Volborthite [Cu3V2O7(OH)2⋅2H2O] has two-dimensional kagomé structure of S = 1/2 spins. In this system, geometrical frustration prevents the formation of long-range orderings even at low temperature as is the case in triangular lattice. By the thermal relaxation technique, we measured low-temperature heat capacity of volborthite to investigate sample dependences in the low-temperature anomaly around 1 K. The temperature range in this experiment is 0.13 – 3.5 K. We found a rather broad peak-like structure around 1 K and Schottky anomalies owing to Cu nuclei below 0.6 K. The 1 K anomaly seems to have a character of phase transition rather than glass freezing in the new sample.

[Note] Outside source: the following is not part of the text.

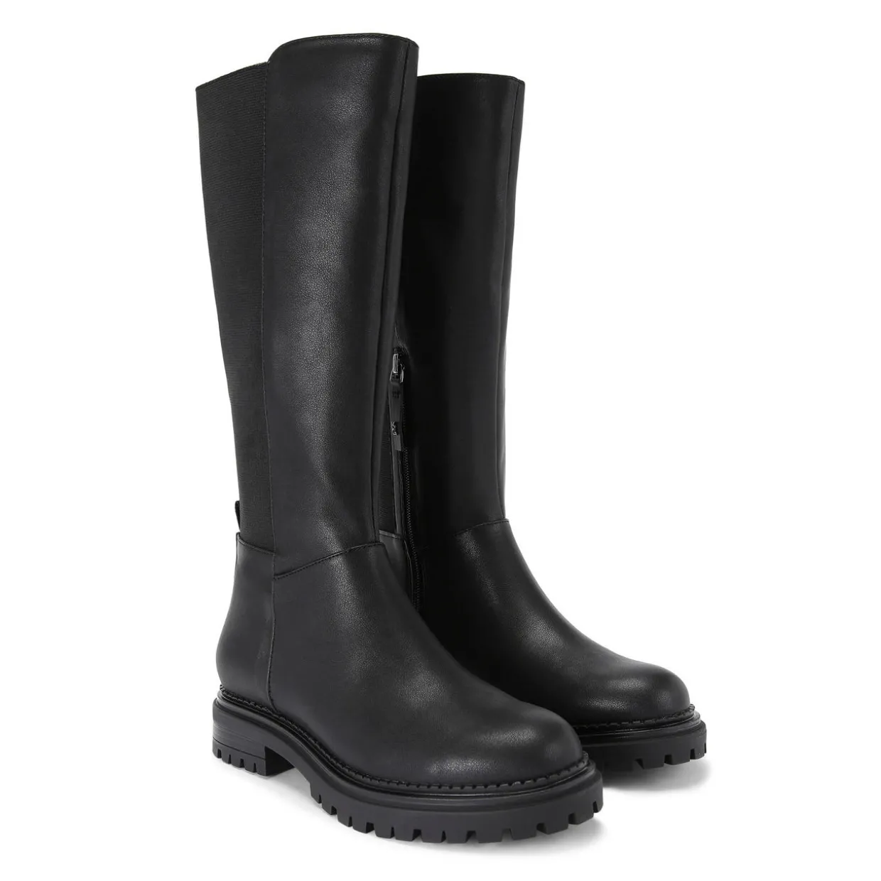 - Calf length, elasticated back panel, inside zip fastening, low heel, round toe

Fig. 1. Magnetic heat capacity of volborthite at low temperature around 1 K in a CmagT −1 vs T plot. The extrapolations of the date at H = 0 above and below 1 K down to T = 0 give the coefficients of the T-liner term in the magnetic heat capacity. The T-liner term disappears under magnetic fields above 5 T.
Fig. 2. Magnetic heat capacity of volborthite at low temperature around 1 K in aCmagT −1 vs T plot. Rather broad peak-like structure which is sensitive to magnetic field was observed. Schottky anomalies owing to Cu nuclei were observed below 0.6 K.
Fig. 3. Magnetic heat capacity of volborthite below 0.6 K in a CmagT 2 vs T plot. Dot-lines show high temperature limit approximation of nuclear Schottky anomalies.